Question

How do you find parametric equations for the path of a particle that moves along the `x^2 + (y-3)^2 = 16` Three times around counterclockwise, starting at (4,3) 0 ≤ t ≤ 6pi?

Answer 1

`x = 4 cos t`
`y = 3 + 4 sin t`

Explanation:

`x^2 + (y-3)^2 = 16` is a circle centre (0,3), radius 4

for circular motion, polar co-ordinates are the way to go.

we need however to tweak the usual Origin based system, ie `x = r cos t, y = r sin t` where r = 4, because the circle is centred on (0,3)

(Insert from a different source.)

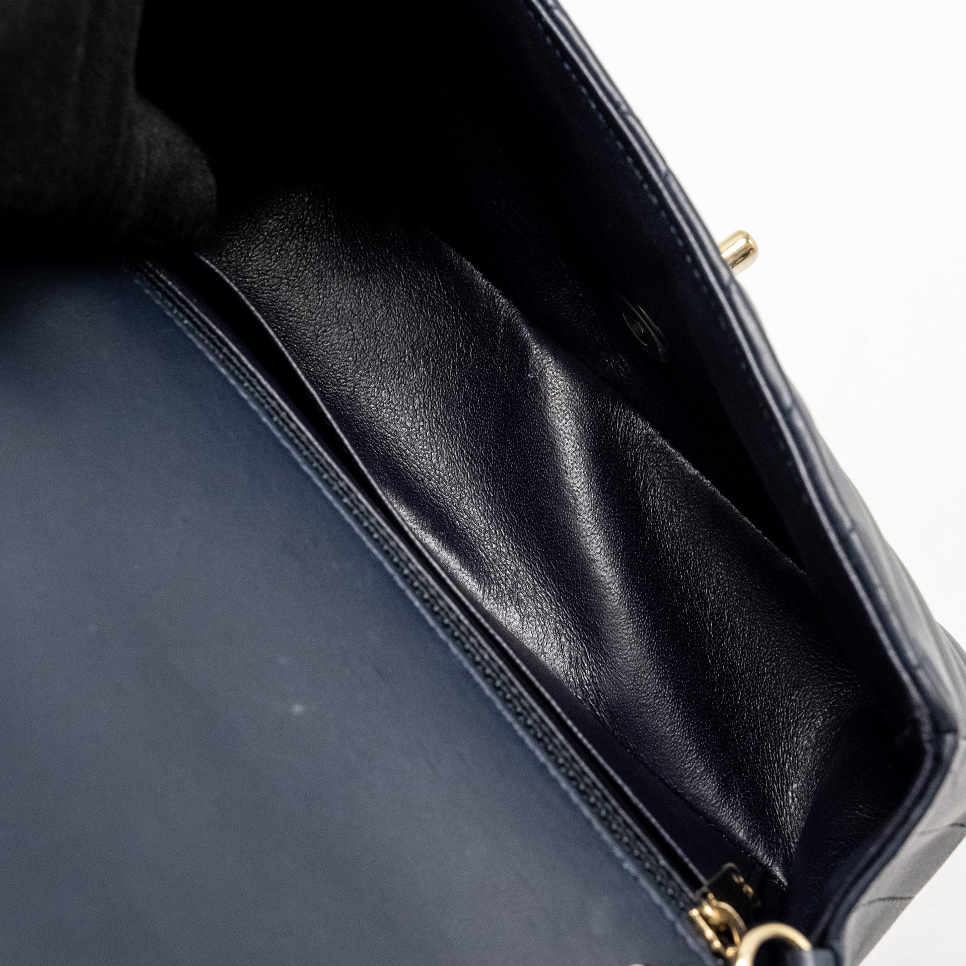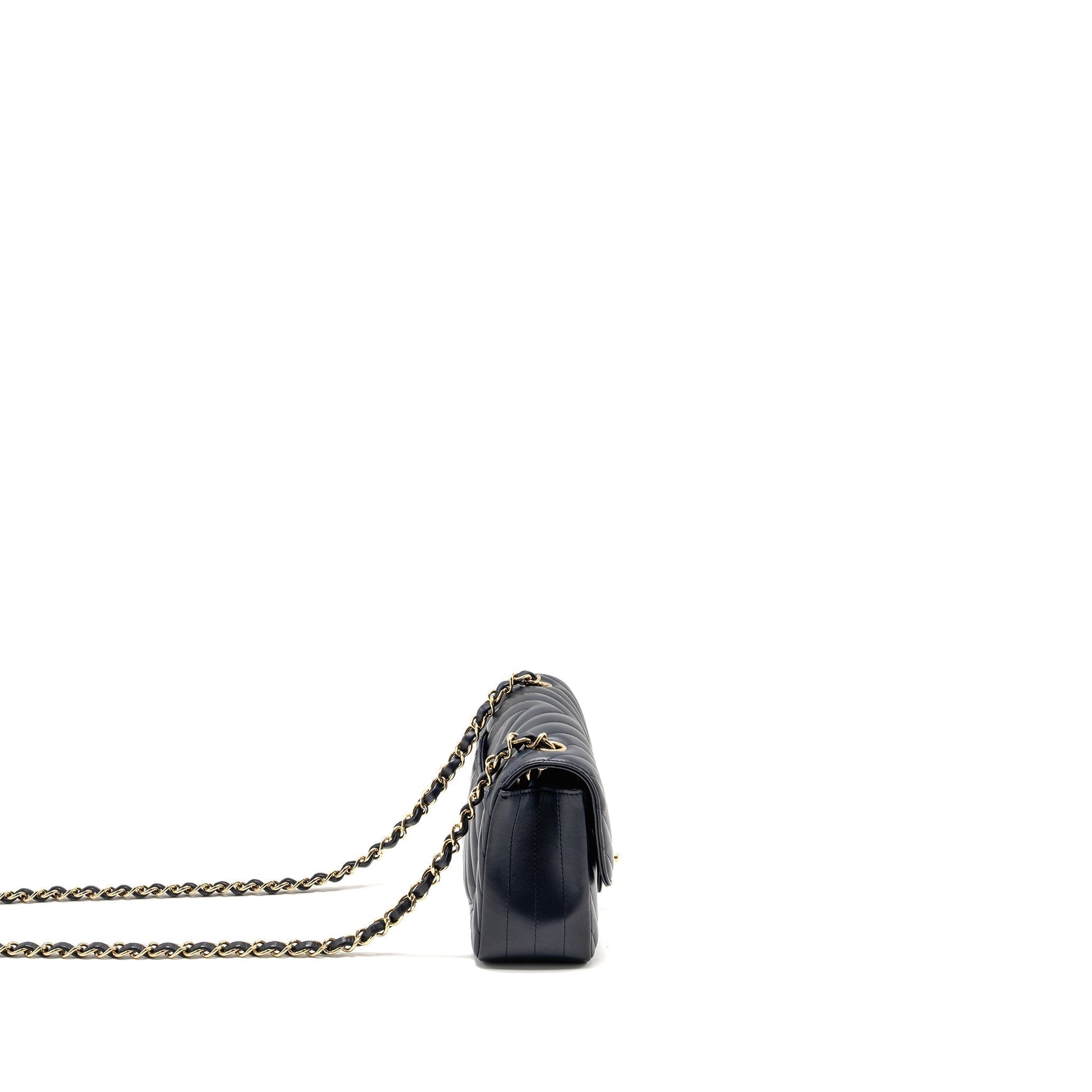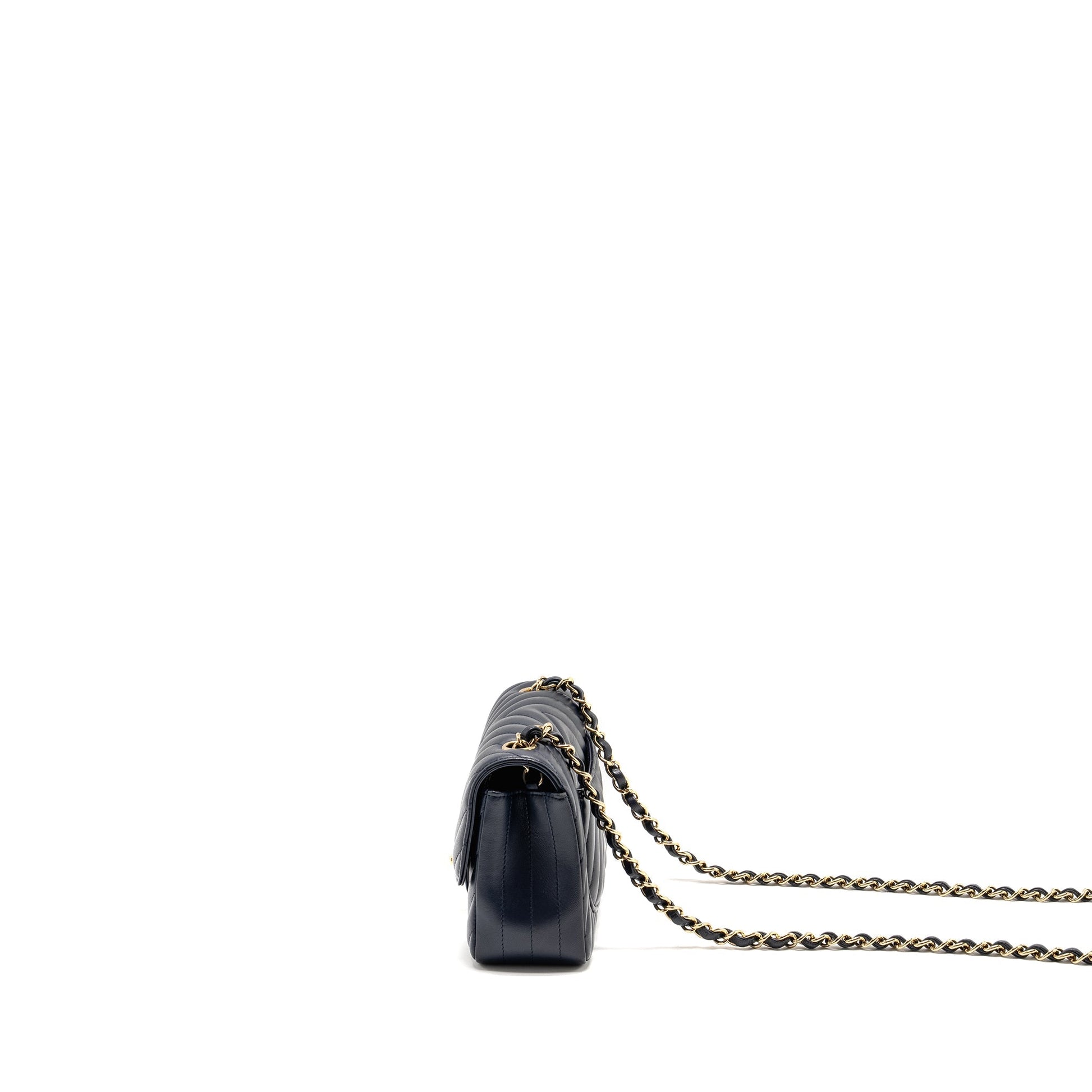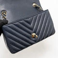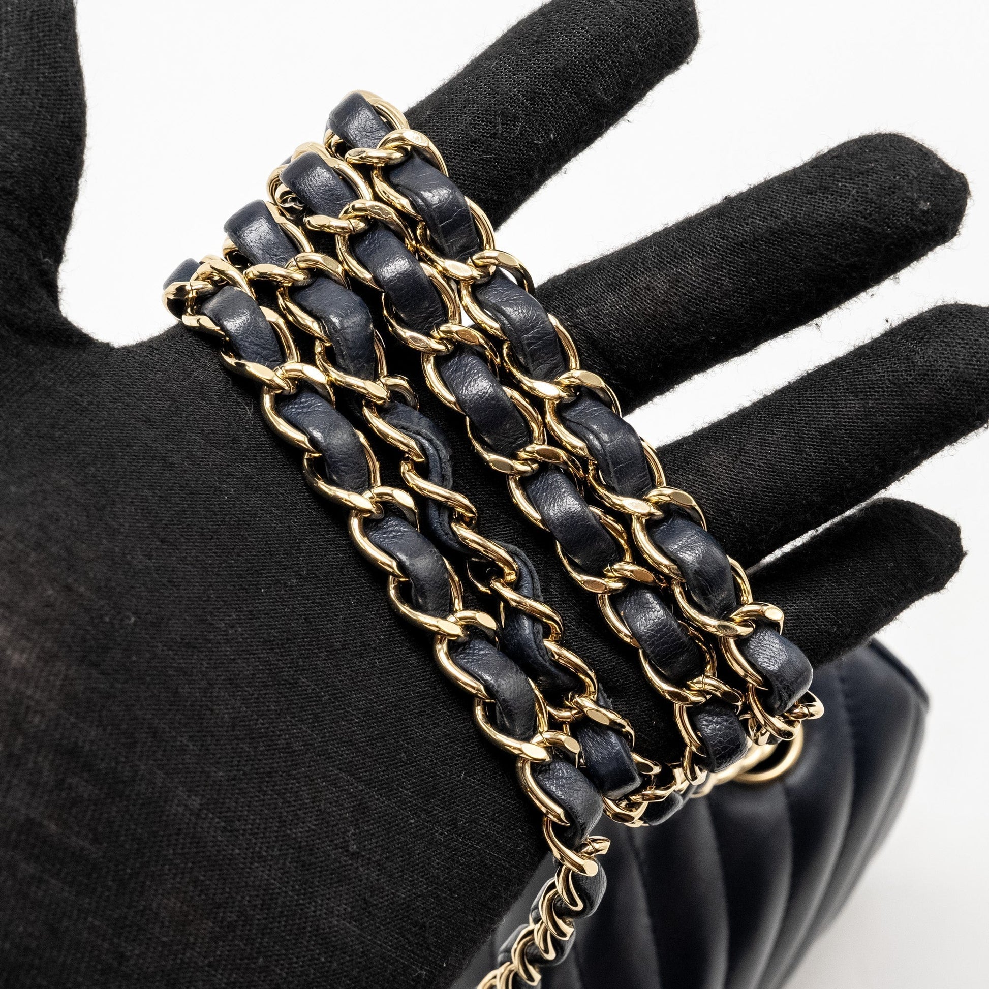 Chanel Mini Rectangular Flap Bag Chevron Lambskin Navy LGHW

[to be clear we will use t as the parameter instead of `varphi`, as the question demands, but it's just another letter so we do that trivially]

so our start point is

`x = 4 cos t`
`y = 3 + 4 sin t`

now for t = 0 this form already starts at (4,3) because that is `(4cos 0, 3 + 4sin 0 )` so we are good to go on that count

it has to rotate 3 times counterclockwise in `0 le t le 6 pi`.

the usual period of the simplest polar parameterisation is `2 pi` for one full revolution reflecting the underlying sine and cosine functions .

so in that `3 times 2 pi` period, it will rotate 3 times.

plus in polar the usual `varphi` is measured counterclockwise with the x axis representing `varphi = 0` - see diagram above.